When
peace is distant, proper economic management is vital
The
resumption of violence and the initial postponement and continued
uncertainty of the Geneva II talks are bad news for the economy.
The recovering fishing industry is being crippled in the Northern
and Eastern waters by the ban on fishing fleets consequent to the
attack on the Naval vessel and the sinking of the LTTE craft. The
escalating violence with injuries to foreigners and fears of fresh
violence is likely to be a setback to the expected revival in tourism.
These are two direct impacts of the current security situation on
two sub-sectors of the economy.
In
fact the indirect impacts could be even more serious. The much-needed
enhancement of foreign direct investment is not only unlikely to
flow in but are likely to be diverted to other more stable venues.

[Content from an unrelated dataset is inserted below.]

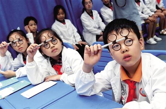 ■9月10日,福建省邵武市实验小学学生在近视防控实践课上开展眼睛灵敏度调节训练。新华社发 |

The continuing escalation of oil prices to new peaks is likely to
be a crushing blow to the country's finances and particularly to
the public finances and the external accounts.
All
these mean that the optimistic predications for the economy in 2006
are not likely to be realized. There are also signs of the government
procuring arms and military hardware. These would increase the budget
deficit beyond the estimated figure given in Budget 2006. It may
also result in enforced cuts on developmental expenditure. The much
delayed and unsatisfactory progress in infrastructure development
is likely to be affected adversely.
Most
expectations and predications about this year's economic performance
had the underlying proviso that they are dependent on the progress
of the peace process. The chances that there would be substantial
progress are now remote and the economy may take a beating once
more. In such a context, it is vital that the government adopts
prudent fiscal measures to enable it to spend on essential war expenditure
without creating excessive inflationary pressure.
This
is no mean task. The increase in fuel prices may have an adverse
impact on both the fiscal deficit and the balance of payments. Last
year the government incurred additional expenditure on government
salaries both by increased recruitment, especially of unemployed
graduates, and by raising public service salaries. The additional
recurrent expenditure on these would be an additional cost this
year.
The
failure of the government to pass on the additional costs of petroleum
to consumers caused quite a problem in the finances of certain corporations
and ultimately on the budget. The most recent increase in consumer
prices of petroleum products too may be inadequate to cover fully
the ever-increasing fuel prices. The backlog has anyway created
a serious problem for the country's finances.
The
government should revert to the formula for petroleum prices adopted
by the previous government of passing on increases in import costs
to consumers at regular intervals. The advantages of this system
of pricing is that consumers would be adjusting their demand to
actual international prices, the finances of the Petroleum Corporation
would not be undermined, the price increase would be more gradual
and the strain on the budget would be minimized, if it results in
there being no subsidy.The strain on the balance of payments would
be less, if consumers respond and adjust their demand to the higher
prices.
In
as far as the balance of payments was concerned there was some relief
from the lines of credit obtained from Iran and India. In fact most
of the US$ 250 million credit obtained would have to be repaid during
the course of this year thereby straining this year's balance of
payments severely. The government also faces the prospect of the
moratoria on debt payments lapsing and having to pay these this
year.
As
the Asian Development Bank's economist Johanna Boestal aptly described,
we have opted for quick fix solutions like taking Panadol to solve
a deep-seated malaise. She pointed out the CEB alone had incurred
over Rs. 50 billion of short-term debt and payments arrears.
Bold
economic decisions are needed to ensure stability and growth of
the economy. The most critical overall area that must be addressed
is the containment of the Budget deficit to the magnitude indicated
in the Budget.
What
we are in fact observing is a state of affairs where there are statements
that the deficit would be contained, while at the same time the
government is incurring additional expenditure without any increments
in revenue. This is a dangerous course of action. Last year the
economy was saved by the financial inflows from abroad. In spite
of the huge trade deficit of US $ 2.4 billion last year, there was
a balance of payments surplus, an increase in foreign exchange reserves
and the Rupee was strengthened. We cannot expect such a fortuitous
economic occurrence this year.
In
a political context where peace appears distant, proper economic
management is vital. We can only hope that the escalation of violence
would be contained and that it would not spread to the South. The
other possibility is that international pressure may restrain LTTE
violence and that the peace process would recommence.
In
hindsight, it may appear that the long drawn out negotiations of
the previous government that achieved nothing substantial was at
least beneficial to the economy. The political outcomes would continue
to have an important bearing on the pace and direction of economic
development.
On the other hand, good economic management is needed to overcome
the disadvantages of the rough road to peace.